::: Extracted entries

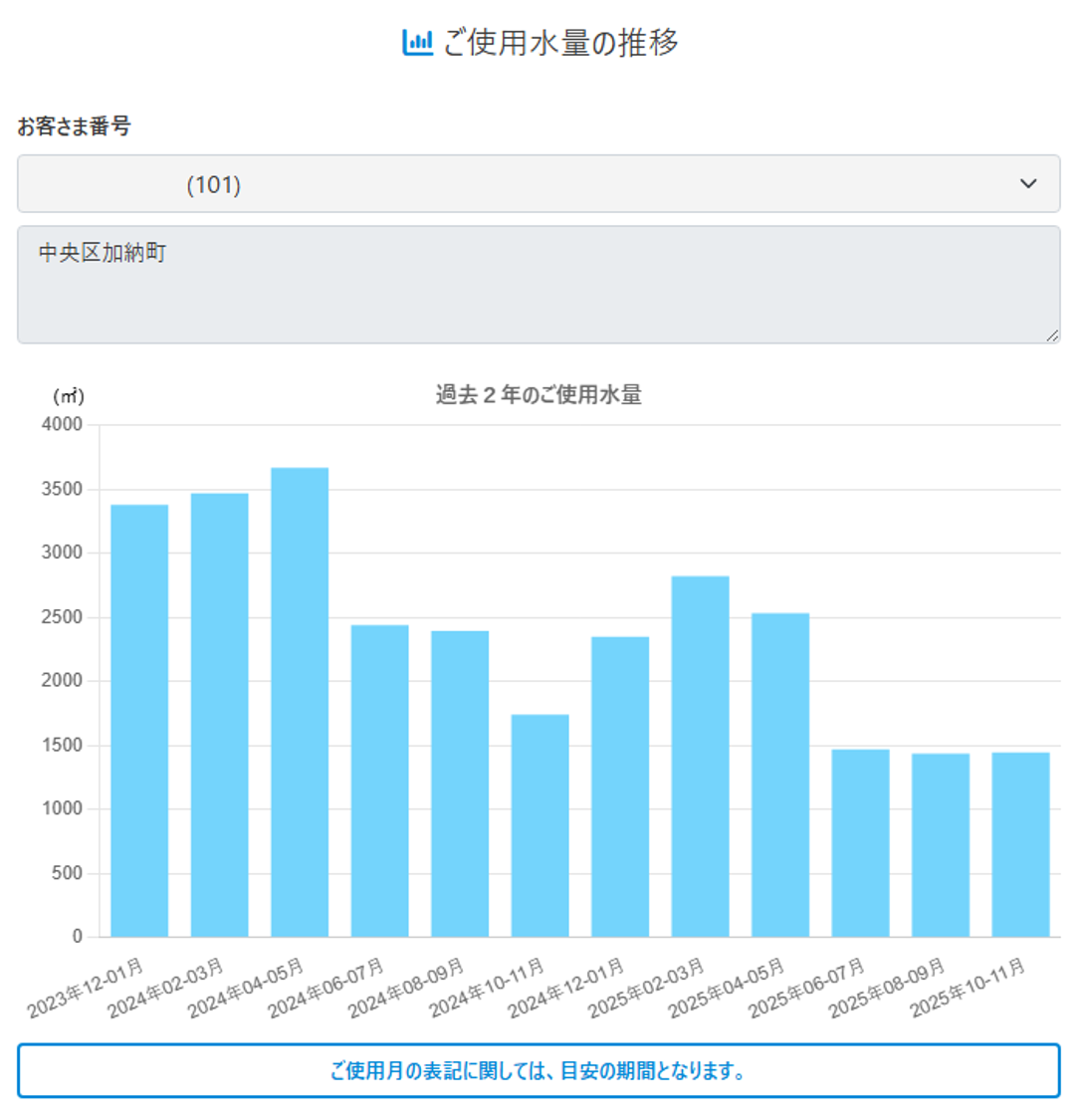 2. 画面上のメニュー「ご使用水量・料金のお知らせ」「ご使用水量の推移」のアイコンを選択
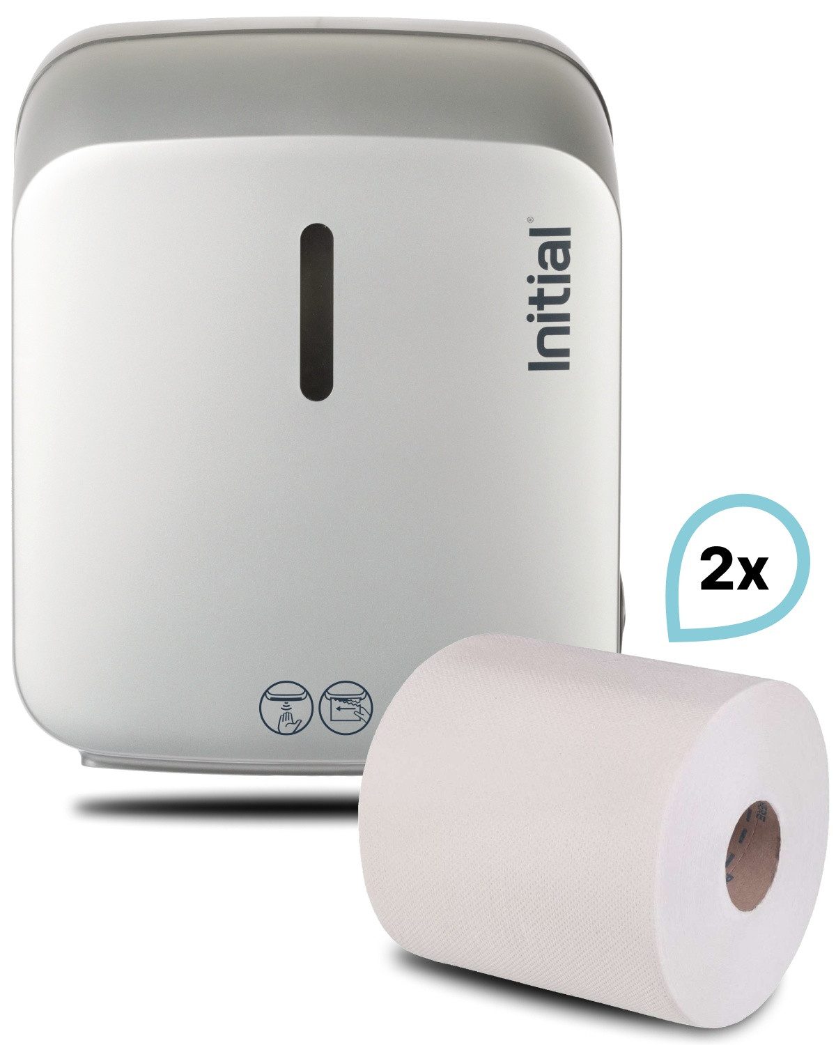 Der Handtuchrollenspender Signature Sensor von Initial: Schlanke Abmessungen und hoher Papiervorrat. Ideal für jeden Waschraum.
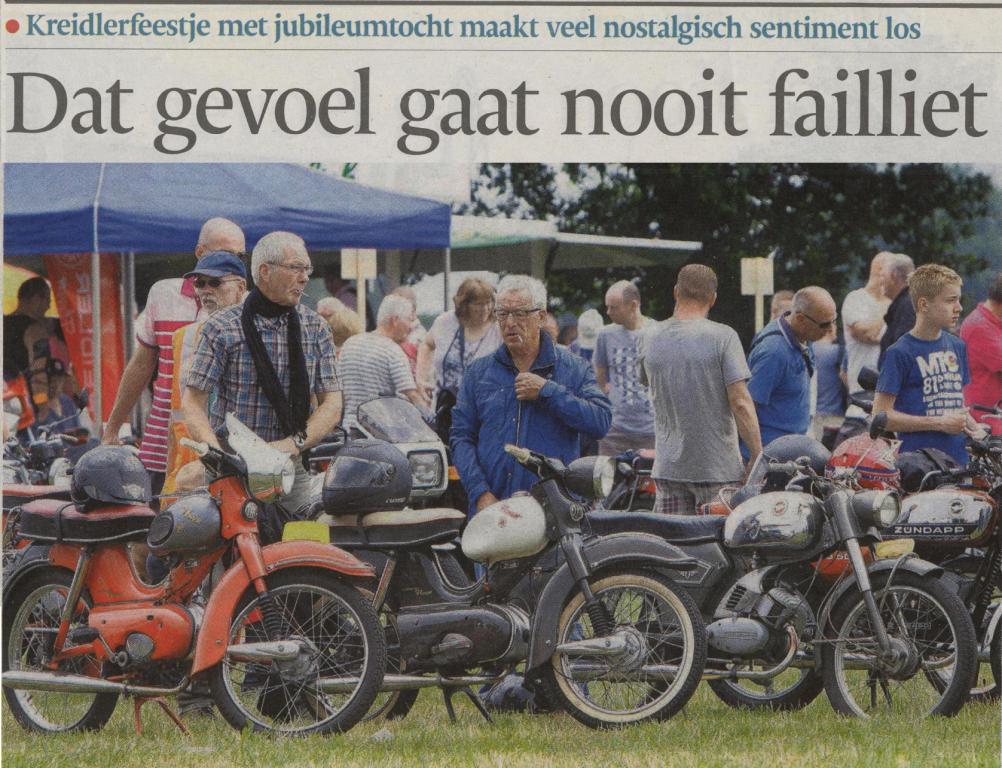 Het historisch overzicht kende zo'n 30 modellen Kreidlers, vanaf de J51 uit 1955, tot de Kreidler Mustang uit 1982. Al met al een prachtig overzicht van de meeste modellen die door "Kreidler-Metal und Drahtwerke GMBH" zijn geproduceerd. Vermeldenswaardig is de bezoeker uit Brabant die een nog oudere Kreidler bij zich had, het allereerste model uit 1950, de Kreidler K50. Deze bromfiets is later door iemand van onze club nog gekocht, waardoor wij dit fraaie model nog wel vaker tegen zullen komen.
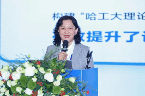 ▲河南职业技术学院校长夏新颜作“‘科创引领 AI赋能 多元协同’理工职业院校人才培养创新实践——以河南职业技术学院为例”主题报告
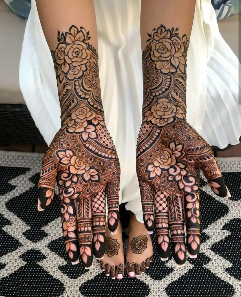 The floral Mughal mehndi design is one of the most popular mehndi designs. It features a wealth of intricate floral designs in the traditional Mughal style. This type of design is perfect for special occasions, such as weddings, festivals, and traditional ceremonies. The design is usually drawn from the wrist to the fingertips. Mughal mehndi designs are often characterized by their organic, symmetrical, curving vines and delicate floral elements.
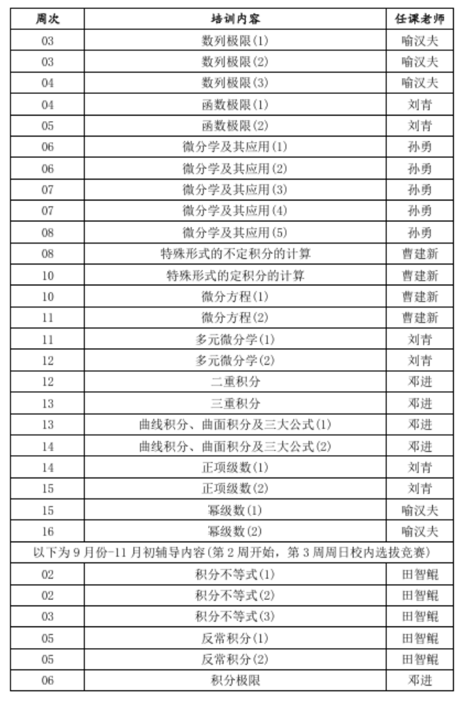 2.校内选拔赛将于9月底(暂定)举行,请认真做好备考准备。校内选拔赛(笔试)内容:非专业组:高等数学;专业组:数学分析、高等代数、解析几何。
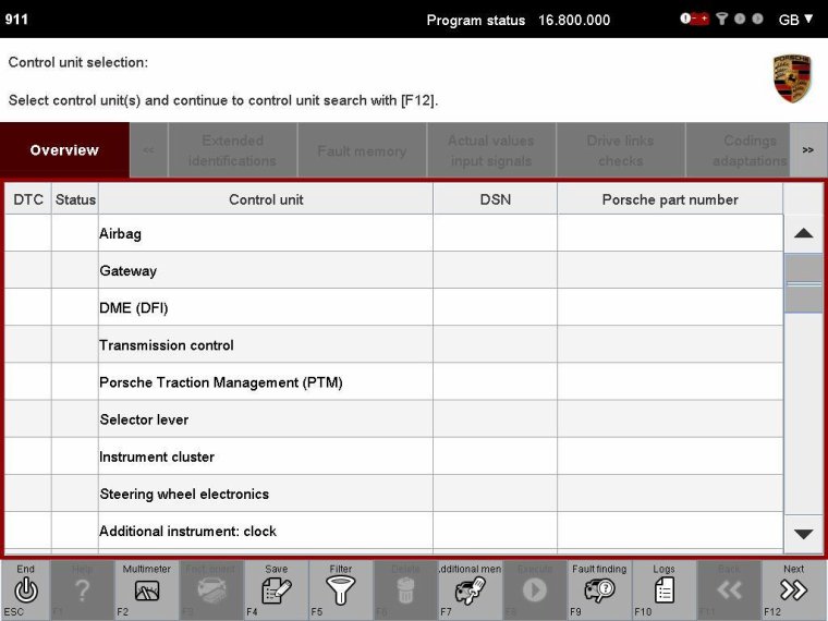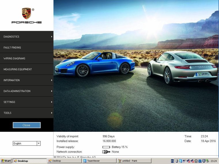 Porsche V16.8 PIWIS Tester-II diagnostic tool software display:

::::::

Goal of the exercise ::
All that is needed is an exact copy of the lines from the top of the entries through the line containing "Der Handtuchrollenspender Signature", pictures left out.

Your solution ::
 2. 画面上のメニュー「ご使用水量・料金のお知らせ」「ご使用水量の推移」のアイコンを選択
 Der Handtuchrollenspender Signature Sensor von Initial: Schlanke Abmessungen und hoher Papiervorrat. Ideal für jeden Waschraum.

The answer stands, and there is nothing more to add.